Failed Moral Hazard, the Richmond Airport, and Our Favorite, the Shwag
I challenge the Curious Capitalist to a shwag contest. I guarantee I'll win, what with my eclectic collection of accounting tchotchkes and bizarre Federal Reserve collectibles (whatever, don't judge, I'm a hipster you know and damnit, we love our irony. There isn't much more ironic than Jr Deputy Accountant in a Fed hoodie now is there?).
Also, I've been to the Richmond airport myself and must confirm that it isn't much to look at but not that bad as far as tiny East Coast airports are concerned. Just sayin.

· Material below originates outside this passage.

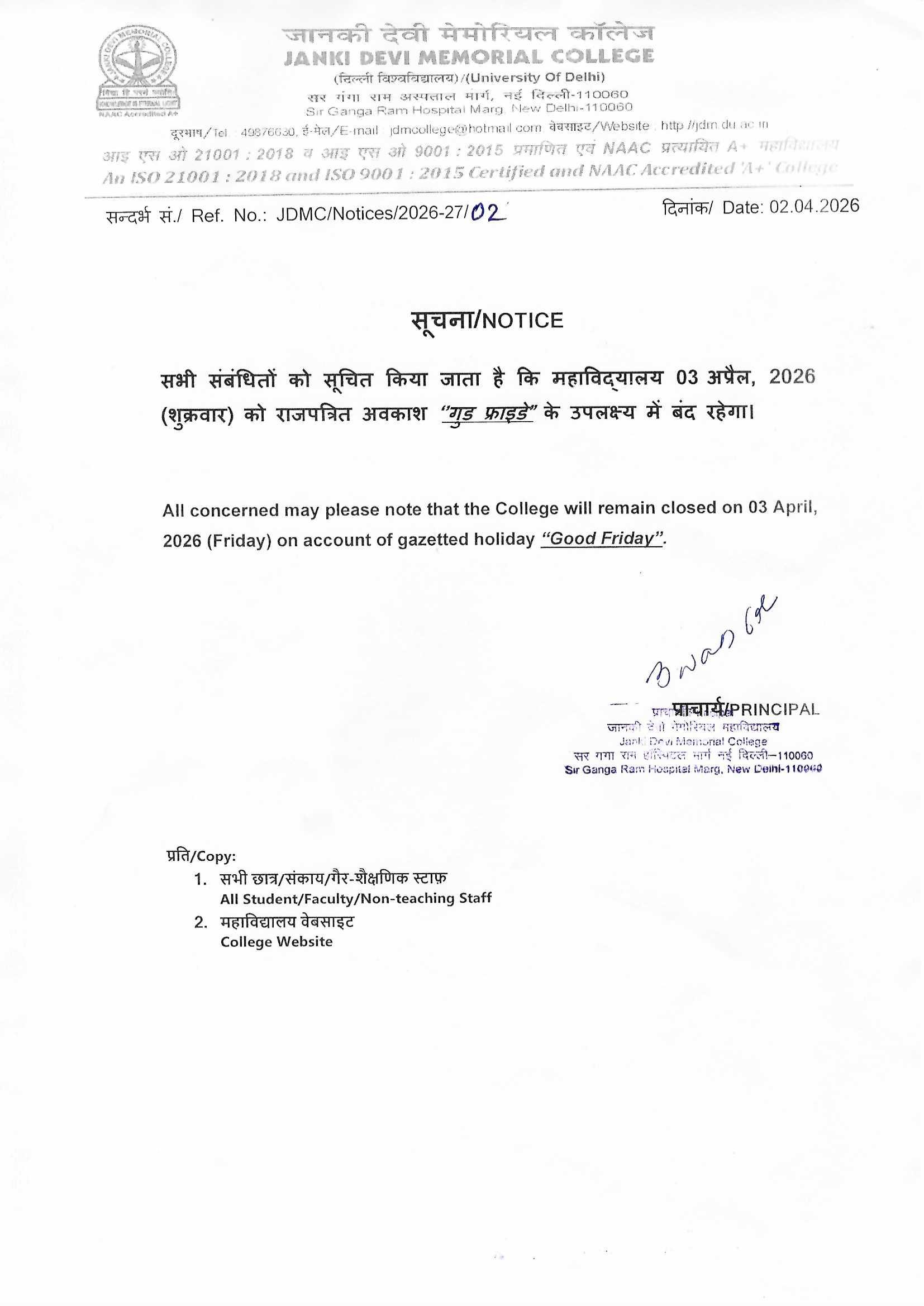 » Notice for Holiday on 27th March 2026

On top of that, I've got to defend the new media here (as a participant in the media revolution myself) and say that in my limited time here on the financial fringes I have certainly seen a shift. Believe it or not, even some of the Fed banks get it. I know, it seems totally ridiculous to think that they'd not only be stalking us but actually participating in the conversation but things like the Atlanta Fed starting a blog and Fed banks on Twitter seem to prove that at least some facets of the esoterica get it.
Emphasis on some.
JDA humbly encourages them to do more engaging and less stalking and promises she won't bite. Hell, I'm in Internet marketing for my company, say hello and I might even give you a few pointers on how to jump head first into the conversation. How sweet, eh?
My colleague Steve Gandel has a nice piece about the strange contortions the FDIC is now going through to avoid tapping its credit line with the U.S. Treasury. He writes:
The agency has a credit line with the Treasury to tap as much as $500 billion in emergency capital through the end of next year. But the FDIC is worried that if the agency, which has always been privately funded through bank assessments, borrowed money from the Treasury, it would look like a new bank bailout, eroding the sliver of confidence the public has regained in our nation's banking system in the past few months.
Maybe that's what they're saying at the FDIC. But I think they're mainly avoiding that Treasury credit line because they know that tapping it would mean lots of screeching on the media and on Capitol Hill, and probably a few unpleasant appearances before skeptical Congressional subcommittees for FDIC Chairman Sheila Bair. It would erode confidence in the current leadership of the FDIC, but I'm not sure that it follows that this would erode confidence in the banking system. I tend to think using accounting tricks to paper over a shortfall is more corrosive of the public confidence than tapping a danged credit line. But maybe that's just me.
I'm writing this from Terminal A of Richmond International Airport, where I'm waiting for a flight back to NYC. I've seen no evidence of any international flights coming in or going out, but I guess somebody must have flown to Mexico or Canada from here at some point. They are playing David Gray on the sound system, and he's English, so maybe that explains the name. In any case, I'm not complaining, and I like the free wifi.
I was in Richmond to give two speeches, one to a conference of bank examiners at the Federal Reserve Bank of Richmond, the other to the CFA Society of Virginia. With the bank examiners I ended up talking mostly about the media and the financial crisis; at the CFA Society I was flogging my book. I must have been too hard on the media, because during the Q&A one of the bank examiners got up and defended the new, more atomized media landscape as a better place to find good information than the old media oligarchy was. I had to agree with him (it's also a better place to find propaganda, bad information, etc., but that doesn't cancel out all its wonders). Yay, bank examiners!
Yay bank examiners indeed.
Should any of them be looking to unload their shwag, they are encouraged to get in touch. I'll even pay the shipping, just because I'm that kind of girl. I'll trade you CPA Review shwag? You know you want my highlighters, it's okay to admit and promise I won't tell a soul.